Ayah Pimpinan Kedua adalah cabang dari keluarga Pazika, dia tentu saja tahu lebih banyak daripada yang lain, Laura Harinda tidak hanya pandai dalam ilmu medis, tetapi juga dengan ilmu racun.
Pimpinan Kedua merasa mati rasa di sekujur tubuhnya, tangan dan kakinya lemas.
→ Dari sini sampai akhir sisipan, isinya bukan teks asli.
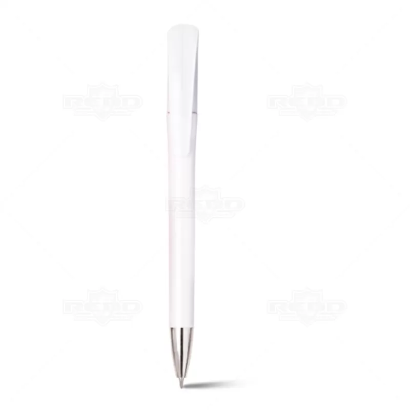 Caneta plástica personalizada produzida em ABS em um design inovador com acabamento brilhoso, possui esferográfica na cor azul que é exibida e recolhida através do mecanismo de giro e clip curvado diferenciado. Ideal para eventos corporativos e brindes promocionais.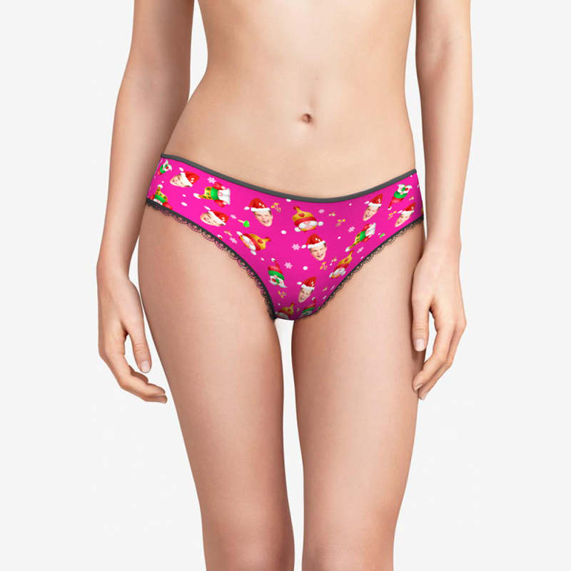 Custom Face Happy Gnomes Pink Christmas Women's Panties Personalised Pink Christmas Gift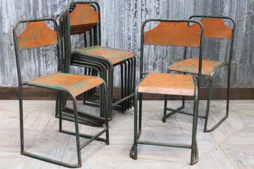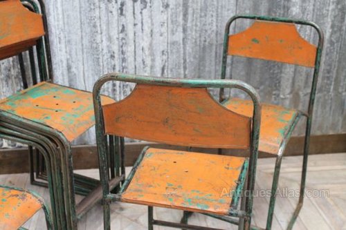 These vintage metal chairs come from our huge collection of industrial stacking chairs and were originally acquired from the ex-Soviet Union.
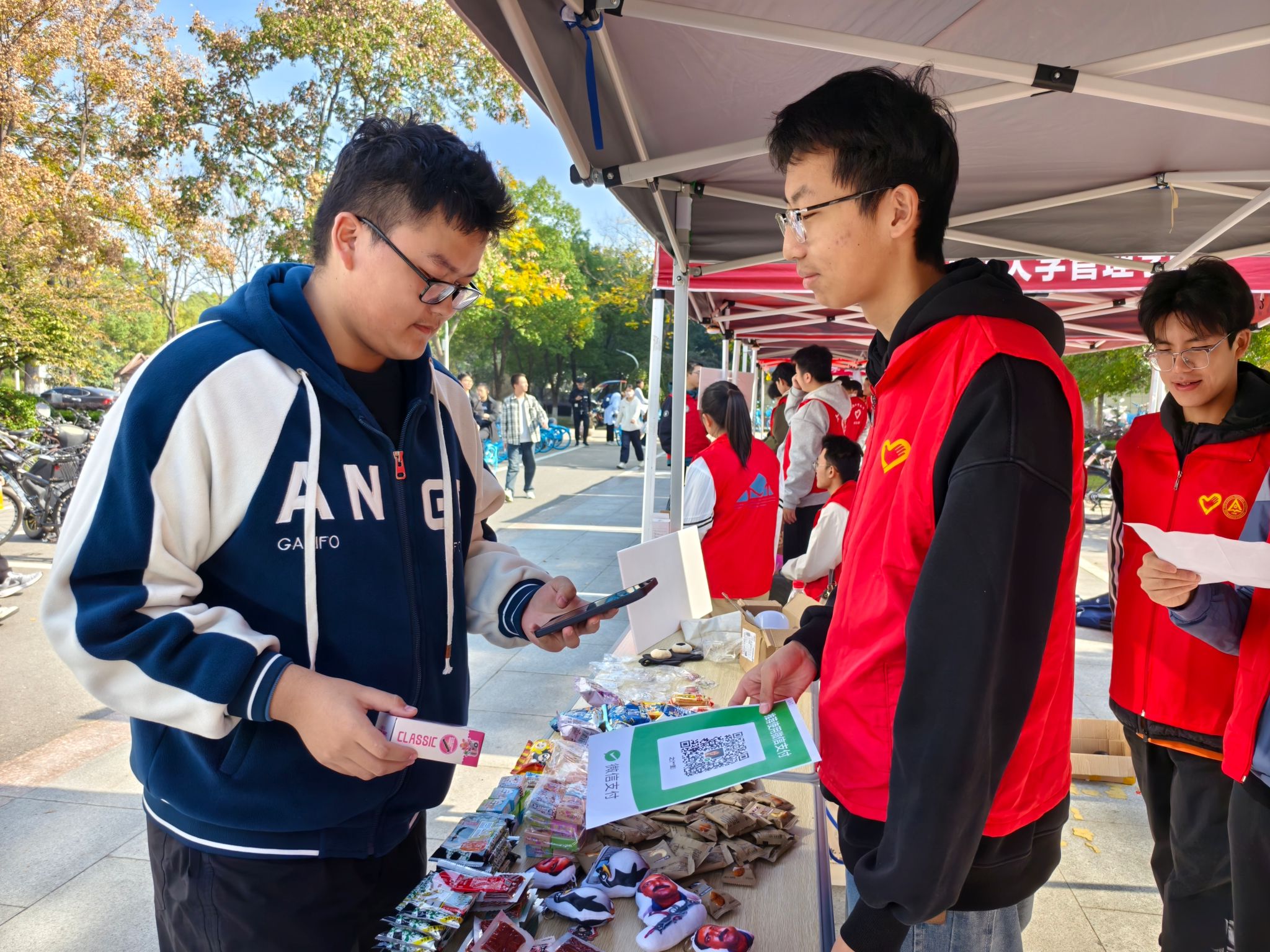 于翡翠湖校区三食堂广场开展“冬韵流转,义卖暖心”主题义卖活动。

Ketika mendengar apa yang Najwa katakan, dia langsung berkeringat dingin, dia buru-buru mendorong semua masalah ke orang mati di gudang kayu.
“Bukan aku, benar-benar bukan aku yang ingin bunuh kamu, dia, itu semua karena wanita jahat itu, dia tidak bisa menerimamu, aku sudah bunuh dia, juga bisa dianggap sebagai balas dendam untukmu…”
Suami istri akan meninggalkan pasangannya ketika berada dalam bahaya.
Najwa terlalu malas untuk mendengarkan omong kosongnya, dia bertanya langsung, “Siapa orang besar di Albuka?”
“Yang Mulia, Mawar.” Pimpinan Kedua juga tidak bodoh, melihat Najwa kembali, dia berpikir kedua pembunuh itu sudah terjebak masalah, awalnya dia ingin berkata tanpa berpikir, tetapi ketika dia melihat cahaya dingin di tangan Najwa, dia segera berubah pikiran.
“Ketika mereka datang, mereka bilang mereka diperintahkan oleh Yang Mulia, jadi aku hanya terima 20 koin perak untuk uang tutup mulut, tapi aku benar-benar tidak tahu orang di baliknya, hanya pernah dengar ayah bilang, sepertinya orang di Istana Utama.”
Istana Utama?
Adik perempuan Mawar adalah orang besar di Istana Utama.
Mungkinkah demi membunuhnya, Mawar bahkan menggerakkan adiknya?
Pada saat berpikir, dia mendengar suara ketukan pintu yang tergesa-gesa, kemudian diikuti dengan suara Pria yang dalam.
“Apakah Pimpinan Kedua ada? Kami dari Mansion hakim, kami di sini untuk menjemput Nona Kedua kembali ke Albuka.”